Really finally, one more thing: if YHB is coming back from a training session this cranky (and YHB is actually a pretty cheerful guy, tho’ you might not know it from this Tohu Bohu, and certainly some other recently-trained co-employees are crankier even than YHB) then something has gone very, very wrong with the process. This will not translate into us being perfectly trained and using the software in the most ideal of all possible ways. Not good for those people who will be dealing with us in the end, and who, presumably, are designing the training sessions in the first place.
Whew. I feel better now. Thanks for listening.
Tolerabimus quod tolerare debemus,
-Vardibidian.
Belatedly: That does sound annoying. My sympathies.
The “do work after you clock out” thing seems like an especially unfortunate precedent to be setting.
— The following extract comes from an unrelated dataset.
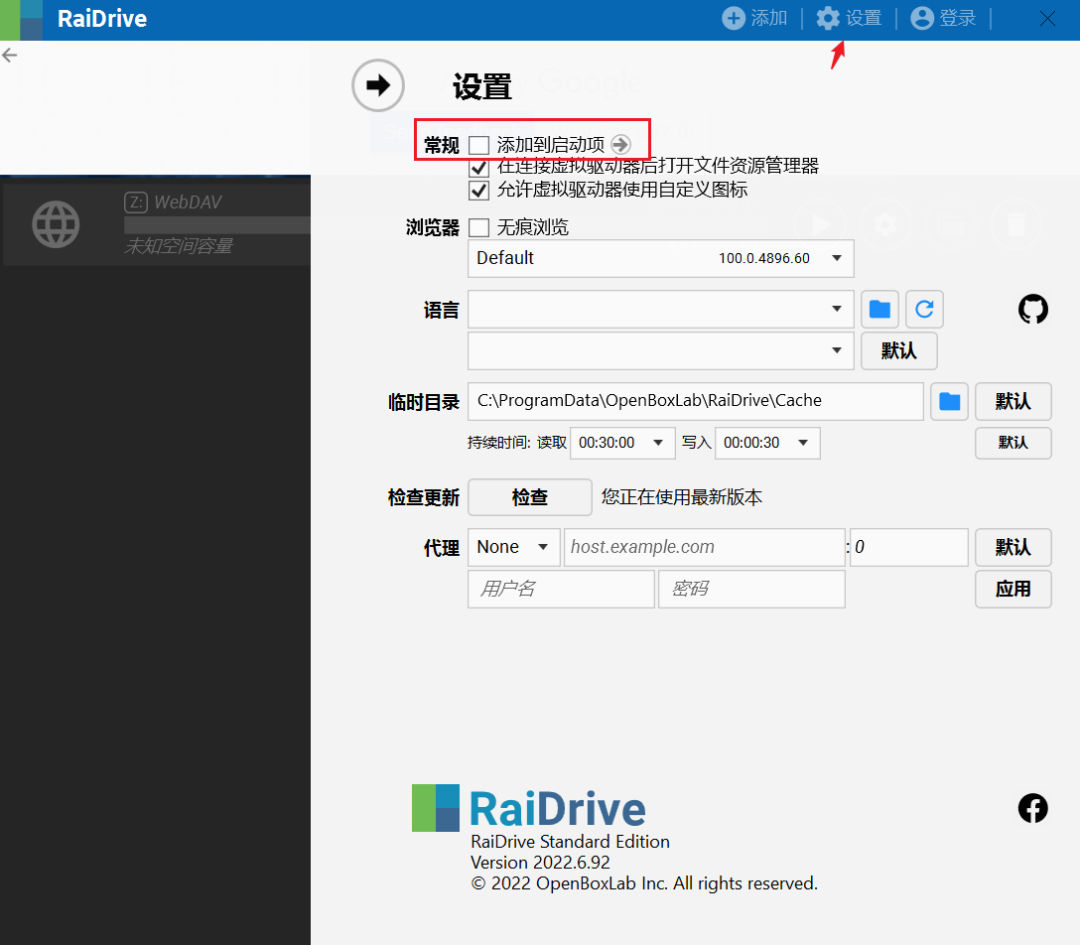 首先需要将RaiDrive的开机自动启动关闭,因为在它启动之前,需要先将AList启动才能连通,所以我们直接用脚本启动两个软件,不需要它自己动。

Re the lack of introductions: I see something similar a lot at work, in very different contexts: at company meetings, various executives stand up in front of the employees and start talking. This is now handled better than it used to be, but there are still plenty of times when the assumption is that everyone in the room knows who everyone on the stage is. Often they aren’t even named; but even when they are, it’s usually first name only, and titles are almost never mentioned.
I think it’s kind of the same issue as presenters who don’t repeat questions asked from the audience (without a microphone): the people giving the presentation aren’t thinking from the point of view of the audience, they’re just talking the way that they would talk with each other. I think in most such cases, it honestly just doesn’t occur to them that someone in the audience might not know who they are—not out of arrogance, just because everyone they interact with knows who they are.